= Horseshoe Lake (Kitsap County) =

Lake in Kitsap County, Washington, U.S.

Horseshoe Lake is a small lake in Burley, Washington, a census-designated place roughly 10 miles south of the city of Port Orchard in Kitsap County. Named for its horseshoe shape, the lake covers just over 40 acres and has an average depth of 12 feet. The lake has no outlet, but is fed by surrounding wetlands north of the lake. The lake is less than a mile from the Pierce County border. Less than fifty properties surround the lake on Sidney Road SW to the west, SW Lake Street, and Horseshoe Avenue SW, both to the east. The nearby Horseshoe Lake Golf Course is named for the lake.

Horseshoe Lake County Park is located at the southwest corner of the lake, and has walking trails, restrooms, a playground, a boardwalk, and a ball field. The park is among the top five swimming destinations in Kitsap County according to the Kitsap Public Health District, and like all county lake swimming beaches, Horseshoe Lake has free life jacket loaning stations for children.

There are several fish species at the lake, including bluegill, largemouth bass, pumpkinseed sunfish, and rainbow trout.
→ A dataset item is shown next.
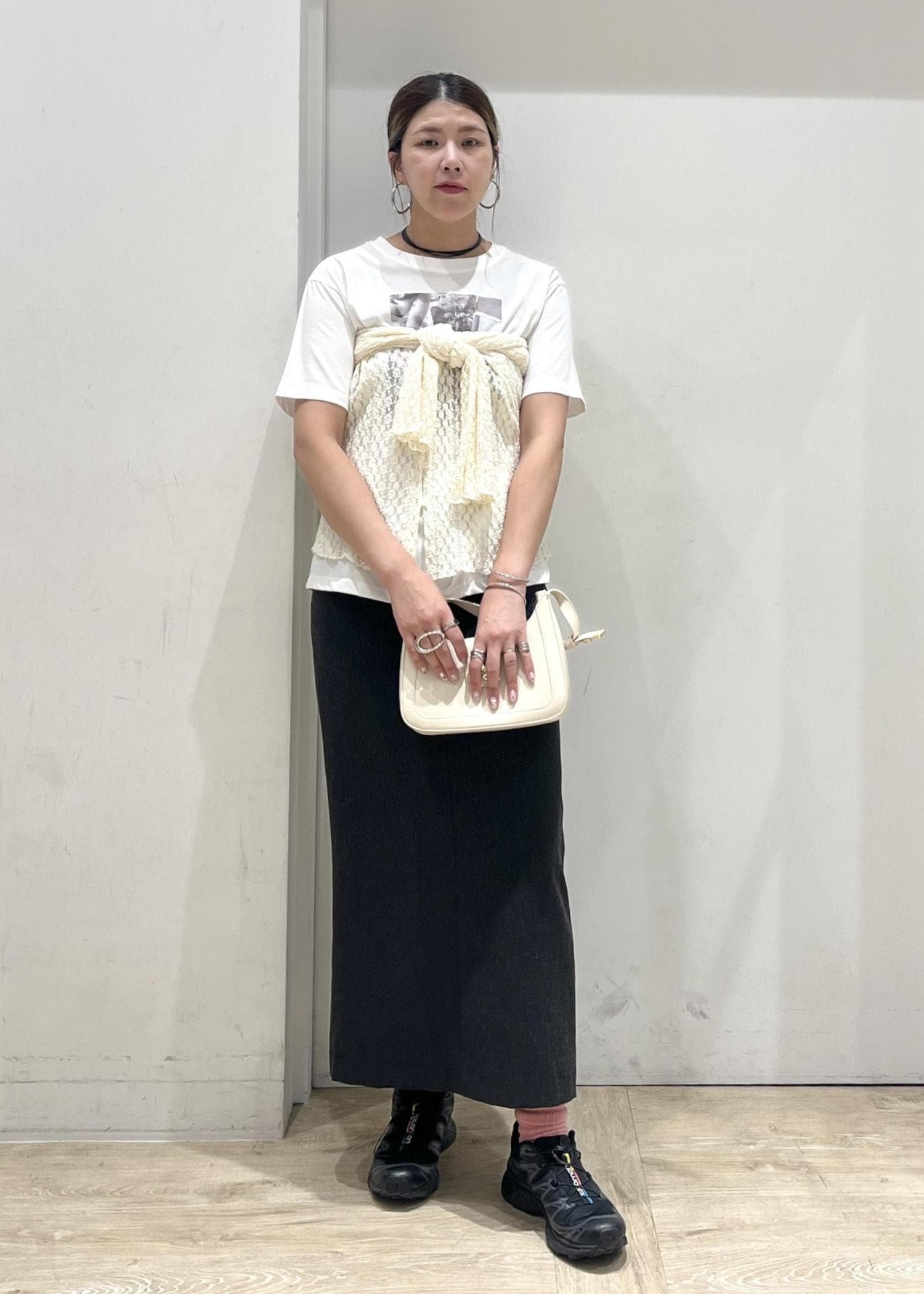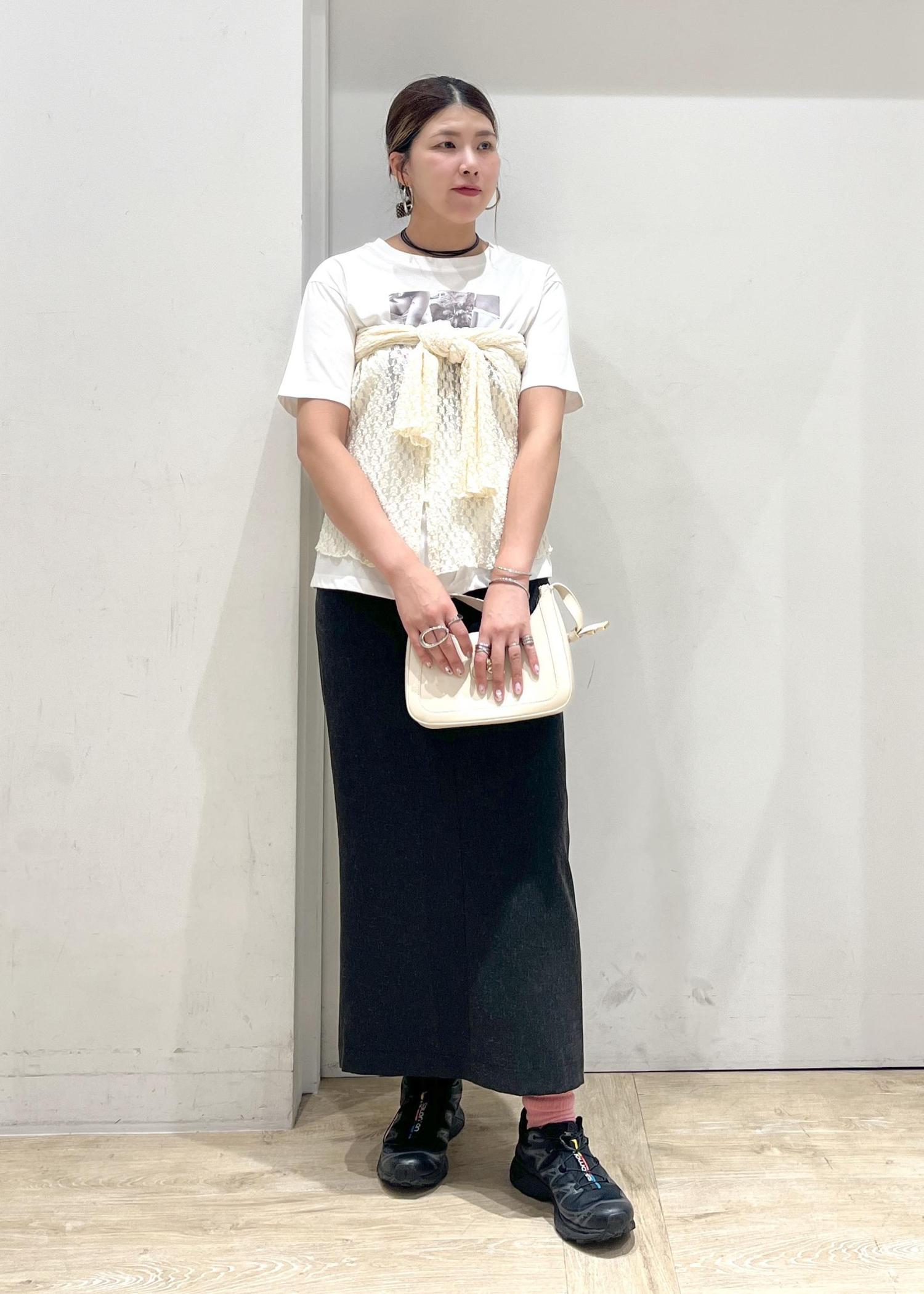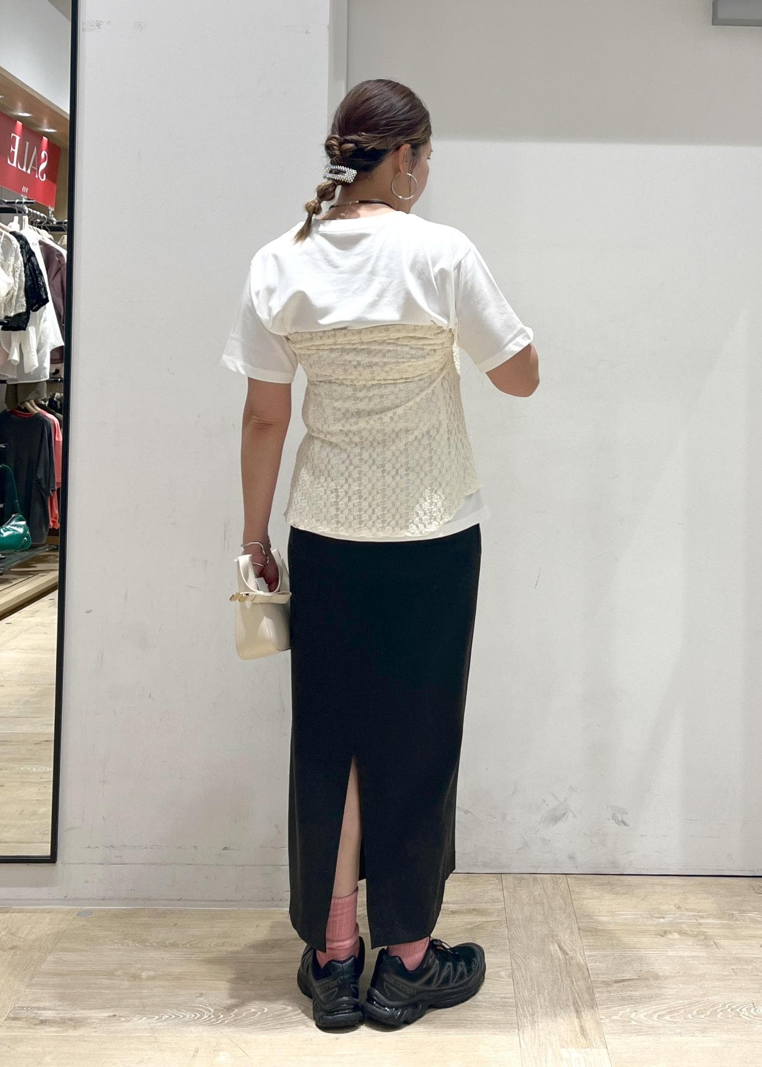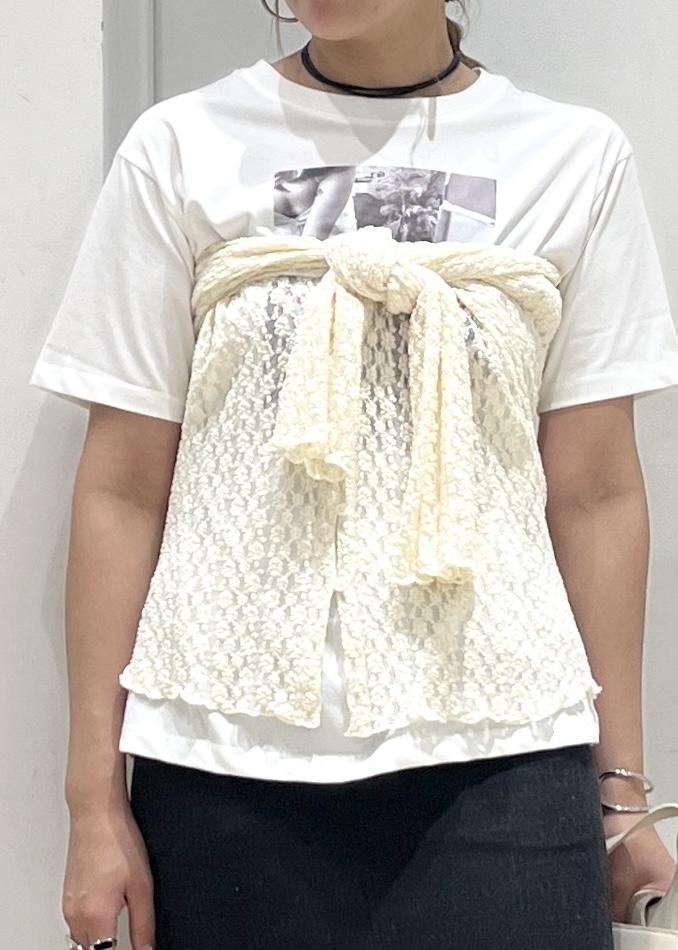 レースカットソーをあえてビスチェ風に巻いてみました!

The lake has a history of blue-green algae blooms and elevated E. coli bacteria levels, and is occasionally closed to swimmers and fishermen, especially during summer months. The Kitsap Public Health District attributes high bacteria levels to high use of the park and a lack of an outlet to circulate water.

In 1960, 70 acres of land that include the southeast corner of Horseshoe Lake were purchased by Crista Camps, an organization that operates a Christian summer camp and ranch that serves 12,000 campers a year.

In 2021, a 20 acre brush fire near the lake prompted a response from five local fire agencies and the Washington Department of Natural Resources. One person received minor injuries, but no damage to structures were reported from the fire, which burned for several days.